| Problem requirements |
Retype the listing exactly, with no images.

| Dataset content |
● ● ● ●
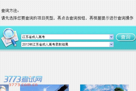 2013江苏成人高考录取查询系统入口 通过16887744声讯台和江苏省教育考试院官网的查询中心进行查询。
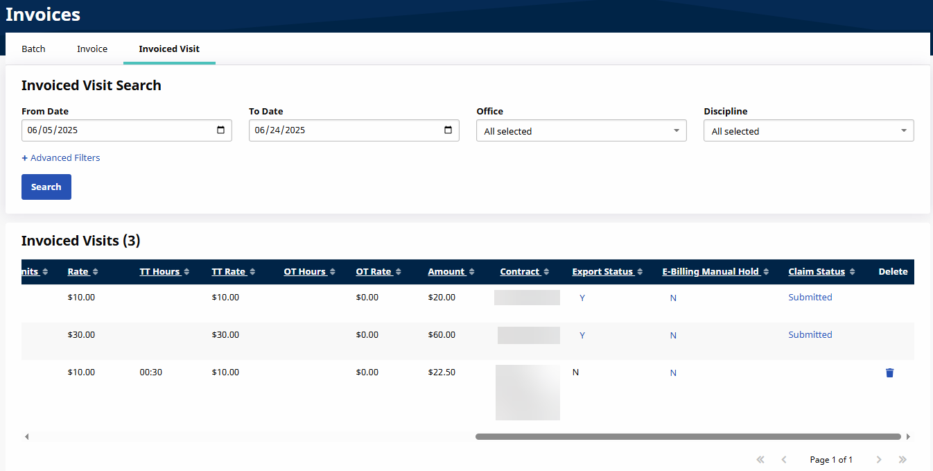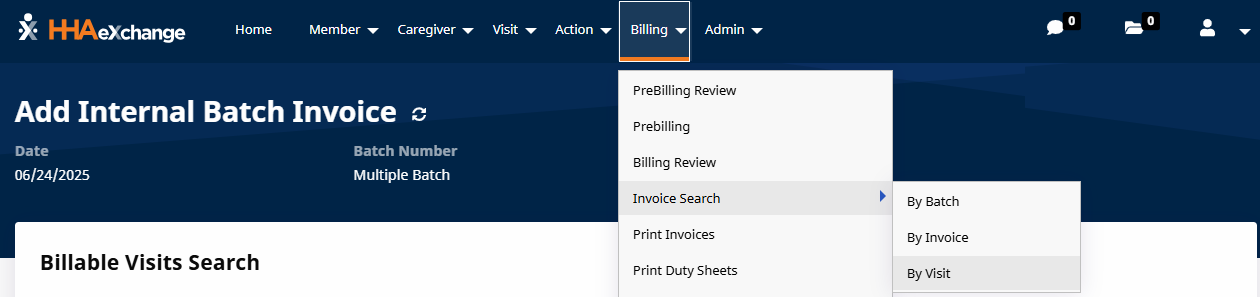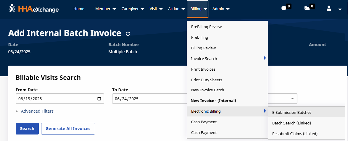 Go to Billing > New Invoice - (Internal) to generate a New Invoice Batch. Use the filters to search for specific visits or click Search to generate all results.
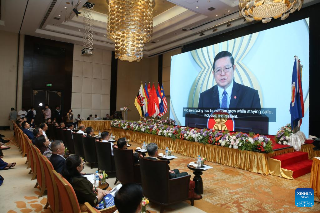 Association of Southeast Asian Nations (ASEAN) Secretary-General Kao Kim Hourn delivers a speech via video link during the ASEAN-China Tourism Security and Safety Forum in Yangon, Myanmar, Aug. 25, 2025. The forum was jointly organized by the ASEAN-China Centre (ACC), the Ministry of Hotels and Tourism of Myanmar, and the Lancang-Mekong Integrated Law Enforcement and Security Cooperation Center (LMLECC). It focused on building a solid safety barrier, advancing regional tourism development and prosperity, and exploring practical measures to address challenges. (Photo by Myo Kyaw Soe/Xinhua)
● ● ● ●
| Exercise response |
 2013江苏成人高考录取查询系统入口 通过16887744声讯台和江苏省教育考试院官网的查询中心进行查询。
 Go to Billing > New Invoice - (Internal) to generate a New Invoice Batch. Use the filters to search for specific visits or click Search to generate all results.
 Association of Southeast Asian Nations (ASEAN) Secretary-General Kao Kim Hourn delivers a speech via video link during the ASEAN-China Tourism Security and Safety Forum in Yangon, Myanmar, Aug. 25, 2025. The forum was jointly organized by the ASEAN-China Centre (ACC), the Ministry of Hotels and Tourism of Myanmar, and the Lancang-Mekong Integrated Law Enforcement and Security Cooperation Center (LMLECC). It focused on building a solid safety barrier, advancing regional tourism development and prosperity, and exploring practical measures to address challenges. (Photo by Myo Kyaw Soe/Xinhua)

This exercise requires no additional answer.